NIST suggests VoIP caution

Links Special Publication 800-58

IP telephony, or voice over IP, poses significant security problems that are challenges at the moment but will become easier eventually, security experts at the National Institute of Standards and Technology say in a draft report released this month.

The authors of the new report say it could be several years before the uncertainty about competing standards is resolved and VoIP systems become mainstream. In the meantime, federal agencies should be careful to acquire the right hardware and software for making their VoIP systems secure.

The authors, Richard Kuhn, Thomas Walsh and Steffen Fries, warn that attempting to integrate VoIP into an already congested data network "could be disastrous for an organization's technology infrastructure."
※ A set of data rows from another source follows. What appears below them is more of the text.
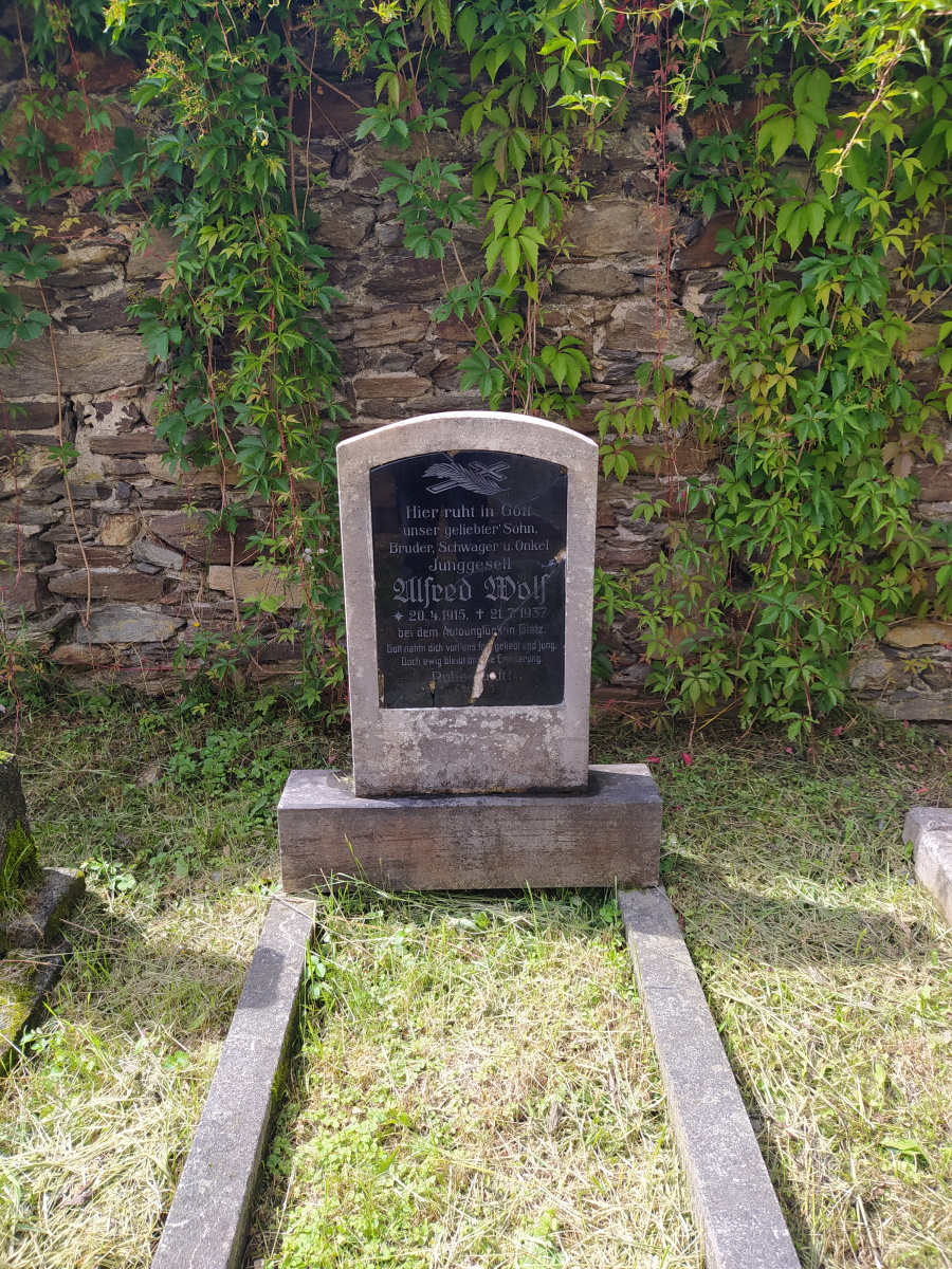 Wolf Alfred Published 8 sierpnia 2022 at 900 × 1200 in Cmentarz w Kątach Bystrzyckich ← Previous / Next → Hier ruht in Gott unser geliebter Sohn, Bruder, Schwager u. Onkel Junggesell Alfred Wolf * 20.4.1915, + 21.7.1937 bei dem Autounglück in Glatz. Gott nahm dich von uns fo[…]geliebt und jung, Doch ewig bleibt uns […]e Erinnerung. Ruhe sanft!
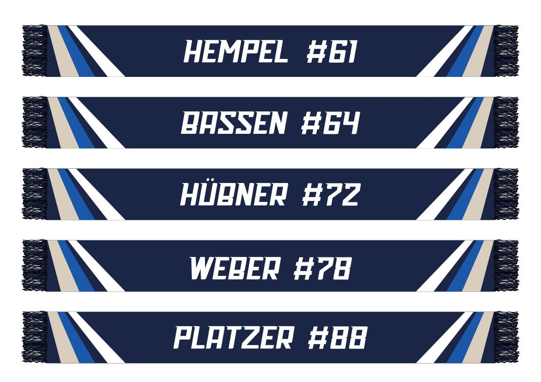 Hol dir Deinen Liebslingsspieler als Schal mit unseren Trikotschals 25I26 passend zum Heimtrikot mit den Spielernamen und Nummern.
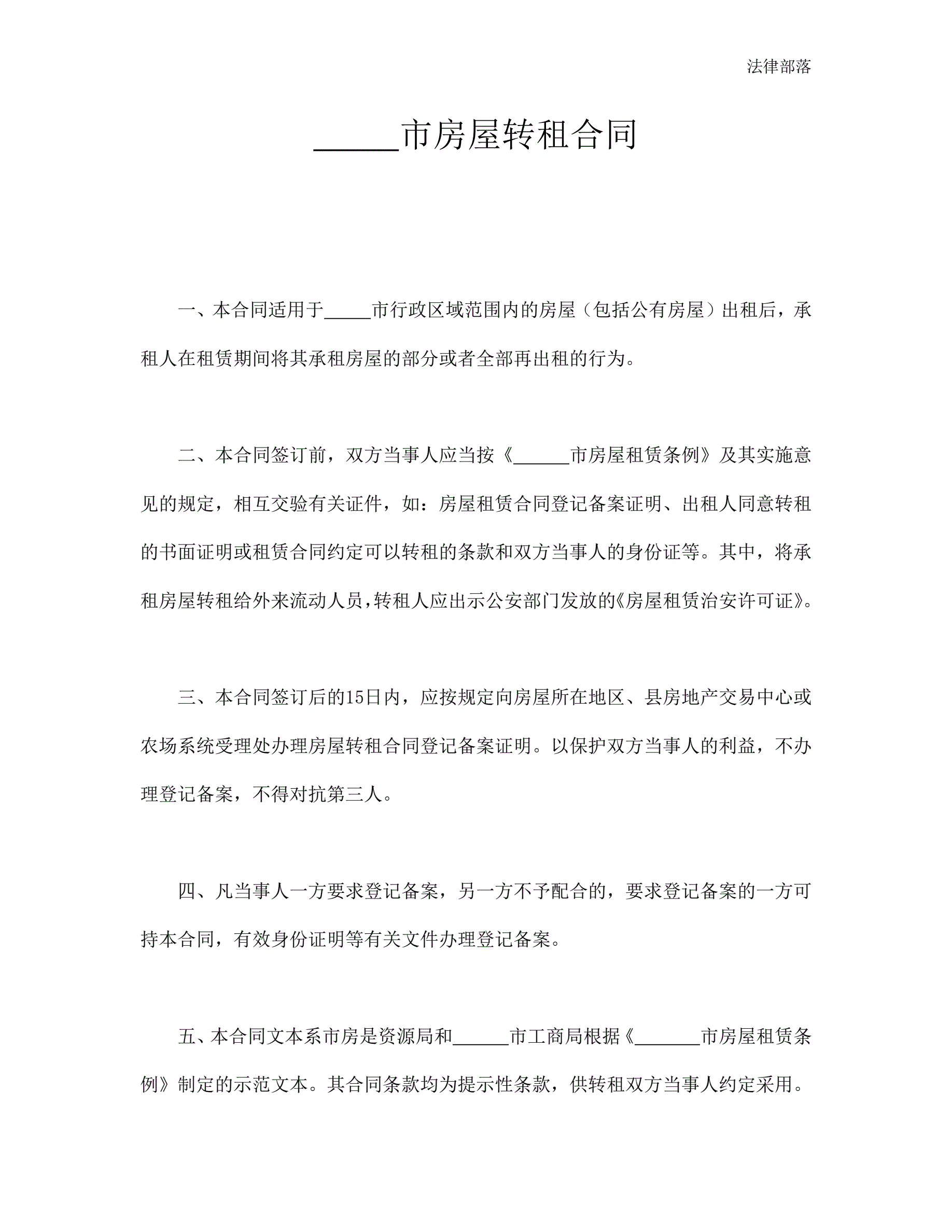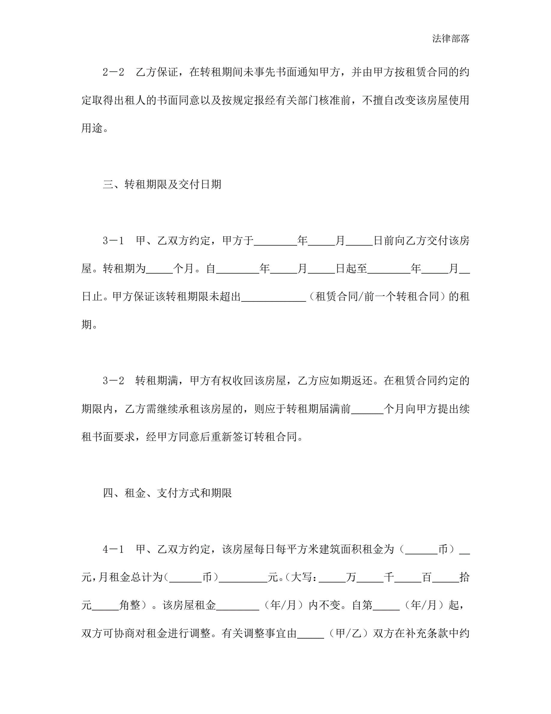 >房屋转租合同(新版)
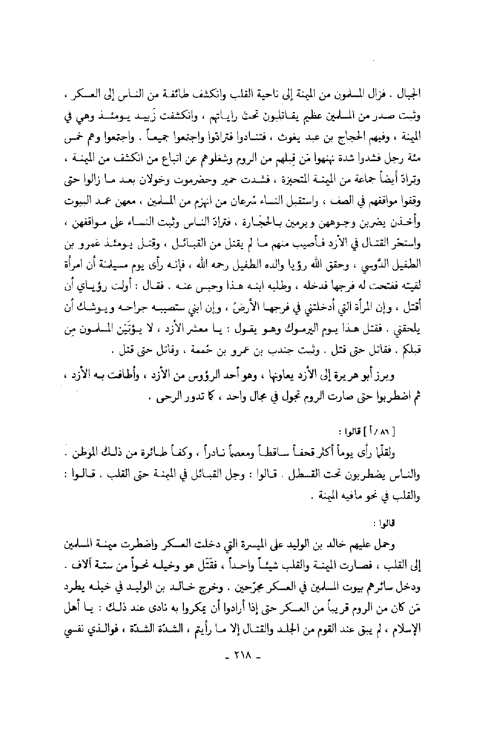 الجبال. فزال المسلمون من الميمنة إلى ناحية القلب وانكشف طائفة من الناس إلى العسكر. وثبت صدر من المسلمين عظيم يقاتلون تحت راياتهم، وانكشفت زبيد يومئذ وهي في الميمنة، وفيهم الحجاج بن عبد يغوث، فتنادوا فترادوا واجتمعوا جميعاً. واجتمعوا وهم خمس مئة رجل فشدوا شدة نهنهوا من قبلهم من الروم وشغلوهم عن اتباع من انكشف من الميمنة. وتراد أيضاً جماعة من الميمنة المتحيزة، فشدت حمير وحضرموت وخولان بعد ما زالوا حتى وقفوا مواقفهم في الصف، واستقبل النساء سرعان من انهزم من المسلمين، معهن عمد البيوت وأخذن يضربن وجوههن ويرمين بالحجارة، فتراد الناس وثبت النساء على مواقفهن، واستحر القتال في الأزد فأصيب منهم ما لم يقتل من القبيائل، وقتل يومئذ عمرو بن الطفيل الدوسي، وحقق الله رؤيا والده الطفيل رحمه الله، فإنه رأى يوم مسيلمة أن امرأة لقيته ففتحت له فرجها فدخله، وطلبه ابنه هذا وحبس عنه. فقال: أولت رؤياي أن أقتل، وإن المرأة التي أدخلتني في فرجها الأرض، وإن ابني ستصيبه جراحة ويوشك أن يلحقني. فقتل هذا يوم اليرموك وهو يقول: يا معشر الأزد، لا يؤتين المسلمون من قبلكم. فقاتل حتى قتل. وثبت جندب بن عمرو بن حممة، وقاتل حتى قتل.
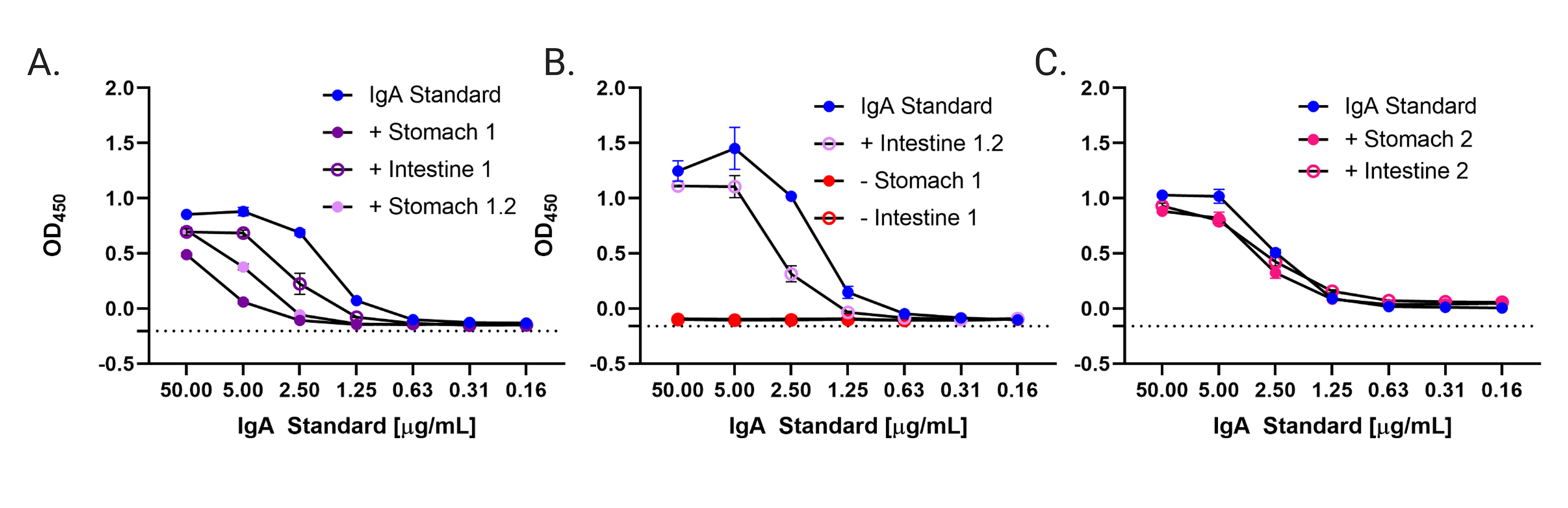 Supplementary Figure 7. Stomach and Intestinal Homogenates from Neonatal Mice Contain human IgA. Stomach and intestinal homogenates from pups suckled on ZAC-3 hIgA+ and hIgA- dams were analyzed by human IgA sandwich ELISA. Samples from a total of four pups were analyzed. A mouse suckled on an hIgA- dams (panel A, red symbols), two littermates (mice 1.1, 1.2) from a single hIgA+ dam (panels A, B) and a single mouse from a second litter (2.1; panel C). Human colostral IgA was used as a standard. mice Data are comprised of 1 biological replicate and 2 technical replicates.

Because it is unknown which signaling protocol will emerge as a winner in the marketplace, federal agency officials interested in VoIP should buy gateways and other network devices that support both the H.323 protocol and the Session Initiation Protocol, or SIP.

Agency officials must also weigh VoIP security considerations when they select a virtual private network. The NIST document discusses in detail the pluses and minuses of end-to-end VPNs versus firewall-based VPNs.

Security measures can cause numerous complications in VoIP applications, not least of which are firewall-induced delays in setting up calls or encryption-produced latency, the report says.

Another source of complication is the common use of Network Address Translation, a security technique that permits several computers within a local-area network to share an IP address. NAT creates a situation analogous to a telephone network in which several phones have the same telephone number.